Select the one instance for which you want to get the notification. Then goto Graph Metric tab and click alarm icon under Actions.

1-d ) On the next page , select the threshold

Here , i set threshold as ≤ 25. Click Next.

1-e ) On Configuration screen , select option an existing SNS topic and choose the SNS topic we created earlier.Click Next.

Give Alarm name and description and click next to review the setting. Once done click create alarm button. Your alarm is created.

NOTE: Alarm will be in Pending Confirmation state untill you verify the provided email address.

2. Collect, monitor and store log files

To collects logs and metrics we would be installing cloudwatch agent on our EC2 instance that will export our provided logs to cloudwatch service and provide measureable and actionable data about system performances

You will first need to ensure your instances are managed by AWS systems manager. To do this lets create a role having specifc permission and attach it to our EC2 instance.

2-a) Create a Role.

Goto IAM service . Select Role from left navigation menu and click Create Role.

Select AWS Service then EC2 from ‘Choose a Use Case’ section.

Click Next:Permission

On the next screen search and select below three policies

CloudWatchAgentAdminPolicy →Allows Cloudwatch agent to save agent configuration file to Systems Manager Parameter store
CloudWatchAgentServerPolicy → Allows to write data on cloudwatch
AmazonEC2RoleforSSM → giving Systems manager permission to manage our EC2 instance

and click Next:Tags button. Add tags if you want to and proceed to Review Step.
Give the Role a name and description and click Create Role and your role is created.

2-b) Attach the Role to EC2 instance.

Goto EC2 dashboard , select your EC2 instance and in Actions menu choose Attach/Replace IAM Role under Instance Settings.

On the next , select the role that we just created and apply the changes.By attaching you are allowing your EC2 instance to be managed by System Manager service.

2-c) Configure AWS CLI to admin user profile

This we will be needing later as we work with cloudwatch agent.
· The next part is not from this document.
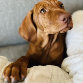 Ruby is a female Vizsla. Carefully selected as a great representative of her breed, Michael decided to make her part of their program. Michael has passed Good Dog’s screening process, which involved a review of their breeding practices, environment, and the mental and physical health of their dogs.

#command to configure AWS CLI default-profile
aws configure
#Enter Access key and Secret key of the admin user
AWS Access Key ID [None]: R*******E
AWS Secret Access Key [None]: L*******h#Leave region as default and enter
Default region name [ap-south-1]:
#Enter json
Default output format [None]: json

2-d) Install Cloudwatch Agent on EC2

Goto System Manager service and choose Quick Setup option from left menu.
On the quick setup, leave ‘Permission Required’ section as default ,under ‘Quick Setup options’ select ‘Install and configure the CloudWatch agent’ (rest all is as per the requirement). From ‘Targets’ section , choose intances manually and select your instance. Submit the changes.

On the next page you will see status of the ‘Quick Setup options’ selected from previous step as pending after few seconds this will change to success.

To check the installation , connect to EC2 instance and check the status

sudo /opt/aws/amazon-cloudwatch-agent/bin/amazon-cloudwatch-agent-ctl -m ec2 -a status

NOTE: Default location for cloudwatch agent is /opt/aws/

this should give status as running .

NOTE: If you are not seeing aws folder inside opt directory wait for few more mins sometimes it takes a bit more time.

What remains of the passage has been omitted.